The other Warsaw Pact states were even more open than the USSR to outside influences, especially in view of the inability of COMECON to satisfy their consumer needs and resultant closer contacts with, as well as indebtedness to, Western economies. In the event, therefore, that the USSR should seek a direct military confrontation with the USA it would clearly be unwise to defer this beyond, say, 1985. In the more likely contingency of consideration in the Soviet Union of how far it could proceed with high-risk policies, in which the danger of a military confrontation would be considerable, it would clearly be more prudent to pursue such policies in the early 1980s than later on. The window of opportunity would not remain indefinitely open.
The Soviets in their international relations after the Second World War and before the collapse of Soviet imperialism in the Third, though they were thought by so many to be masters of a shrewd and far-sighted strategy, often demonstrated a quite surprising degree of maladroitness. This was often so striking as to arouse comment at the time. Their extraordinary mismanagement of affairs in Austria in 1946 was a very early example, when their conviction that Austrian gratitude for liberation by the Red Army made it safe to allow free elections, in the confidence that a communist majority would be returned, resulted in the election of an Assembly without a single communist member. There was also their mishandling of affairs in Yugoslavia, in Hungary, in Czechoslovakia, in the Middle East, in the Indian sub-continent and with China, and their dramatic expulsion, lock stock and barrel, in 1972 from what looked like a deeply entrenched position in Egypt. Rarely, however, has the history of international relations shown a more outstanding example of maladroitness than the bringing about of the NATO Alliance and West German rearmament. The Reich lay prostrate before its four principal enemies — the USA, Britain, the Soviet Union and France — totally defeated. Within four years of that time, Soviet policy had so antagonized its former allies that, with their patience exhausted, the other three saw no alternative but to form a defensive alliance and then bring in the defeated enemy re-armed. Pro-Soviet fantasists in the West sought in vain to disguise the simple truth. NATO, a purely defensive structure, was brought into being by the USSR and by the USSR alone. The Soviet Union was itself the only begetter of what was to become its greatest bane.

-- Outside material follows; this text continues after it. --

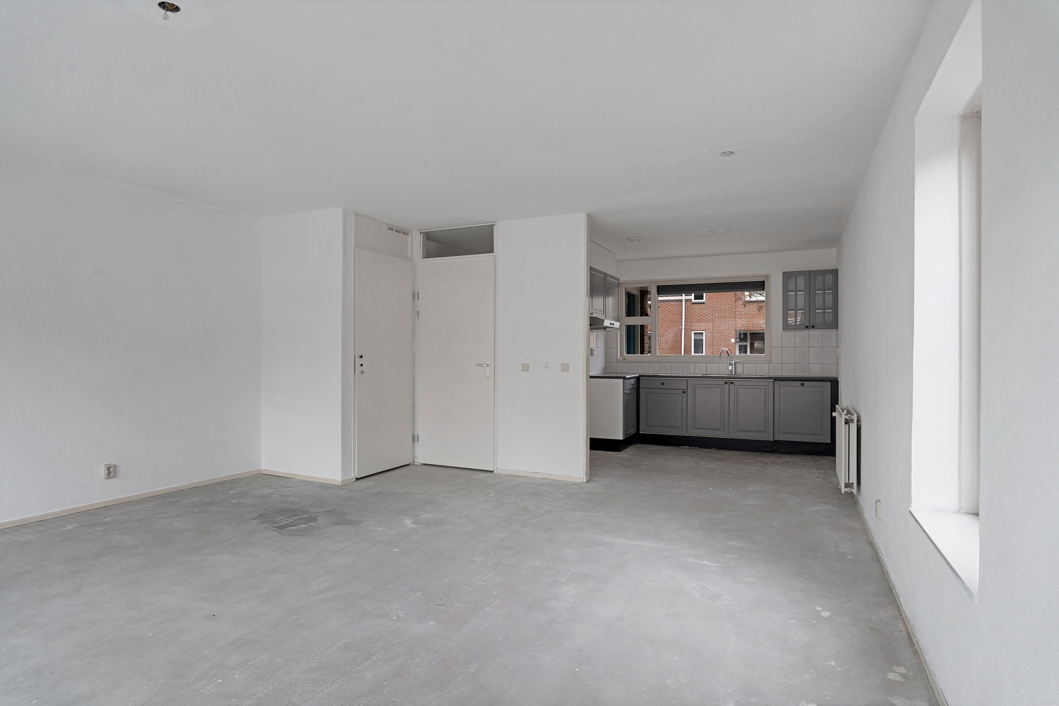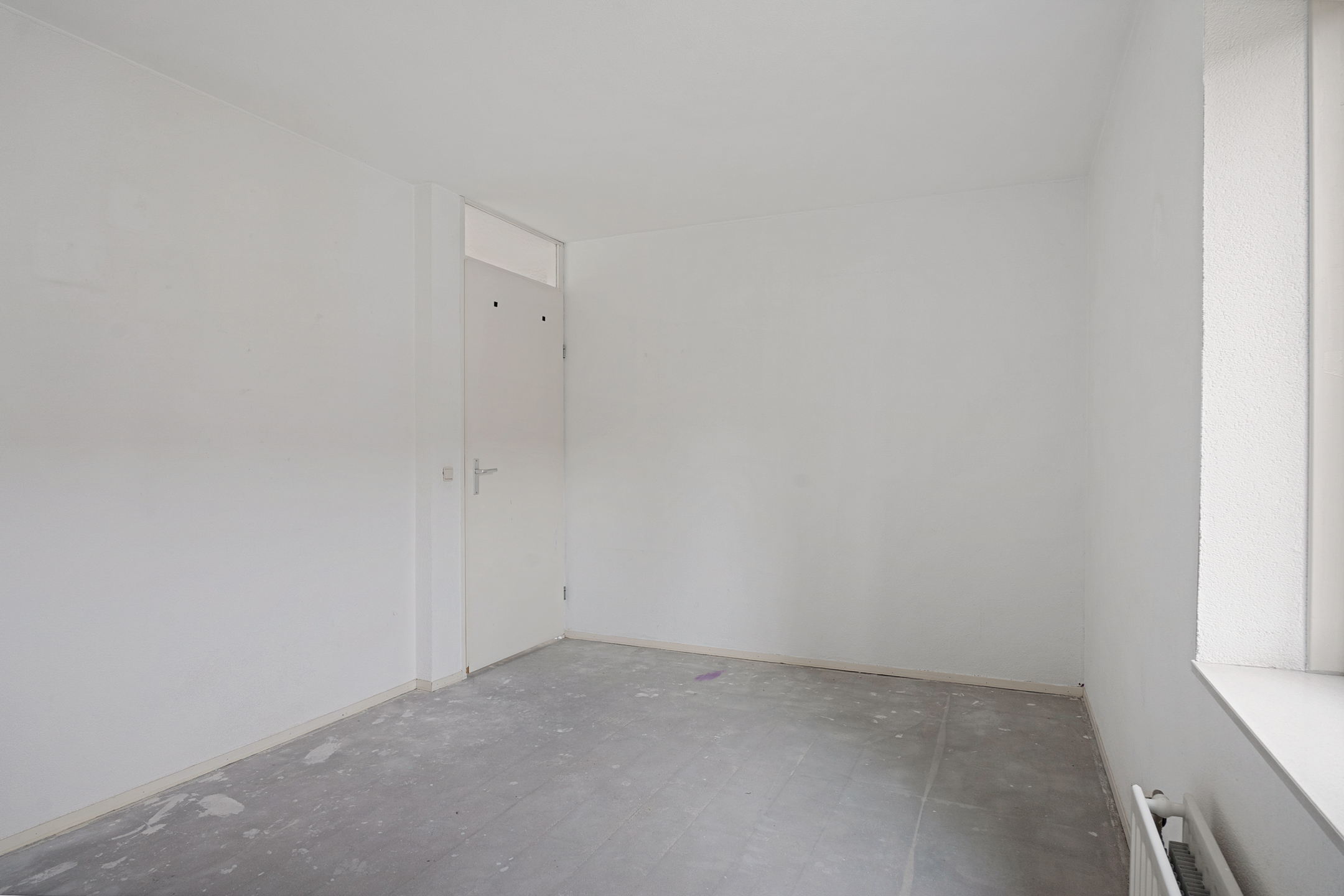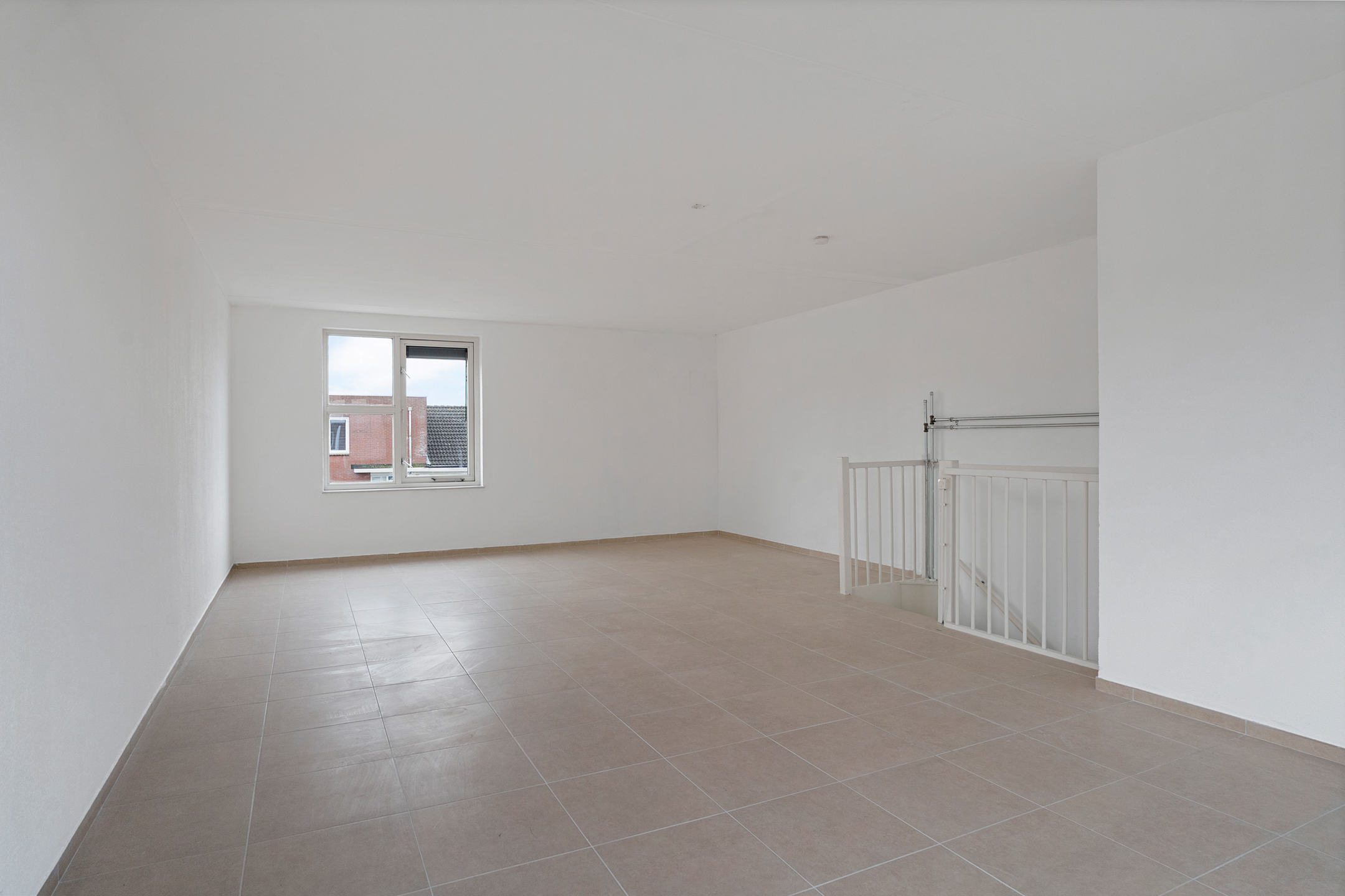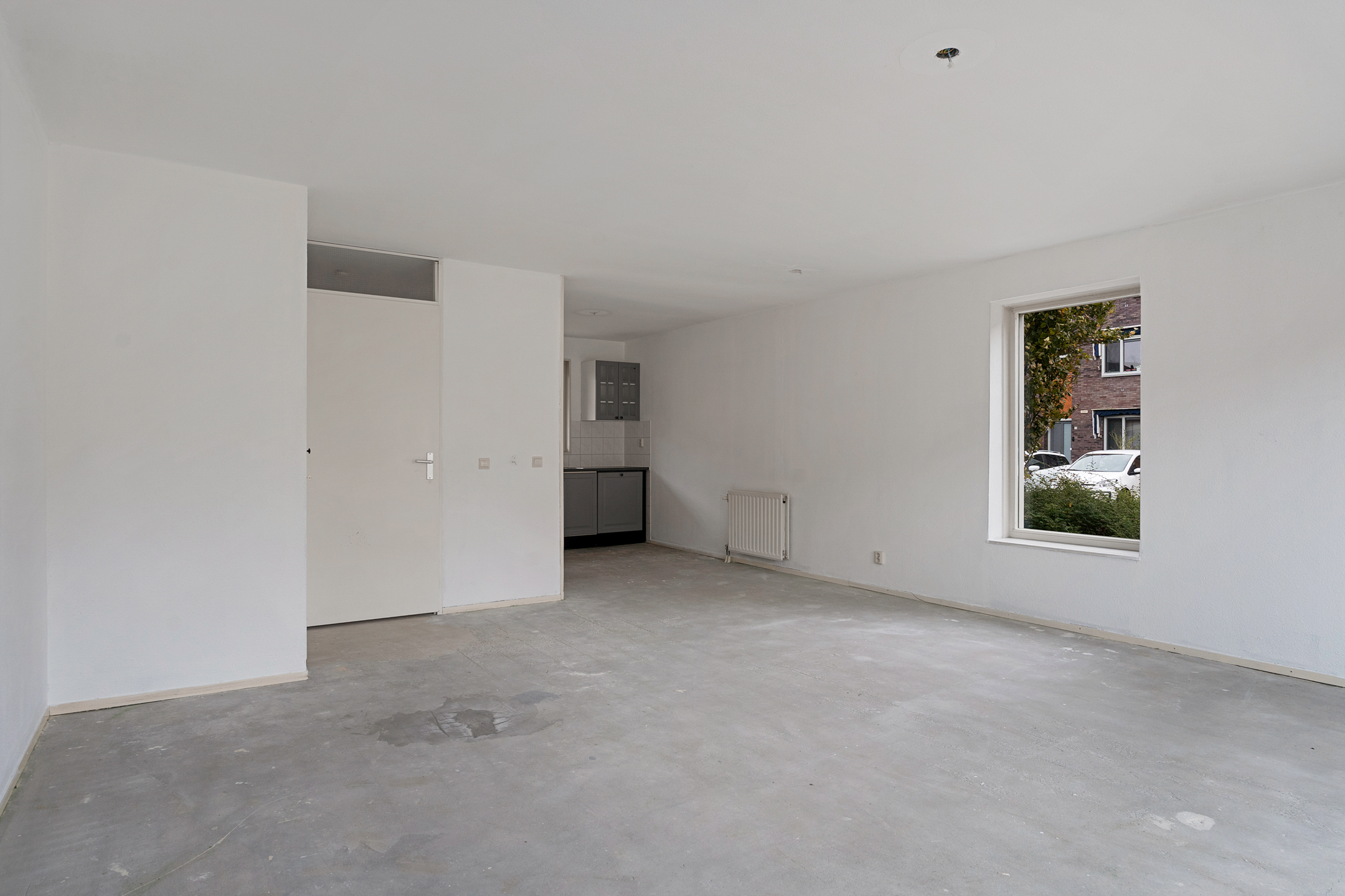 Via de nette hal met meterkast, trapopgang en toilet bereik je de woonkamer. De grote raampartijen zorgen voor een prettige lichtinval en geven de ruimte een open uitstraling. De woonkamer is overzichtelijk ingedeeld en biedt voldoende mogelijkheden voor een comfortabele zit- en eethoek.

Citizens of the Soviet Union, as the 1970s moved on into the 1980s, may well by now have come to accept their lot with resignation, without any confidence, or even any hope, that it would ever change for the better. It would be wrong to suppose, as many did in the West, that they were also wholly lacking in awareness of what went on in the other world, outside the closed system which constituted their own. In addition to what came in through radio broadcasts from outside, the circulation of information within the Soviet Union itself was a good deal freer than was commonly realized in the West. It was certainly much freer than the Communist Party liked. A country in which a huge black market flourishes, however, is not one in which information does not circulate, especially when the black market is not only permitted by the authorities but even, as compensation for their own extraordinary ineptitude, actively encouraged, though the circulation of information, of course, is not. Though the concept of public opinion as a political force in a communist state is hardly valid, it was inevitable that in the Soviet Union, in the four or five years before the war, there was not only widespread awareness of what was going on in the outside world but strong currents of political opinion flowing from it. The boycott of the Olympic games made a far greater impression than was commonly realized abroad and the attempts by the Party to play down its effects and claim an outstanding public relations success produced in Moscow a veritable flood of the sick jokes whose volume and venom had long been the only reliable index of public reaction to events. The invasion of Afghanistan aroused wide interest and deep unpopularity and, as it dragged on with no satisfactory end even remotely in sight, it was more clearly recognized as a blunder of the first magnitude. The disposal of the dead in the Afghan campaign threw a particularly interesting light on popular attitudes. At first they were flown home for burial, but as the flow continued and the numbers grew this was seen to be unwise. Public concern in the Asiatic republics, from which most of the first troops engaged in Afghanistan came, was so marked (particularly in Kazakhstan) that from mid-1981 the practice ceased. The dead were now buried in the country where they died.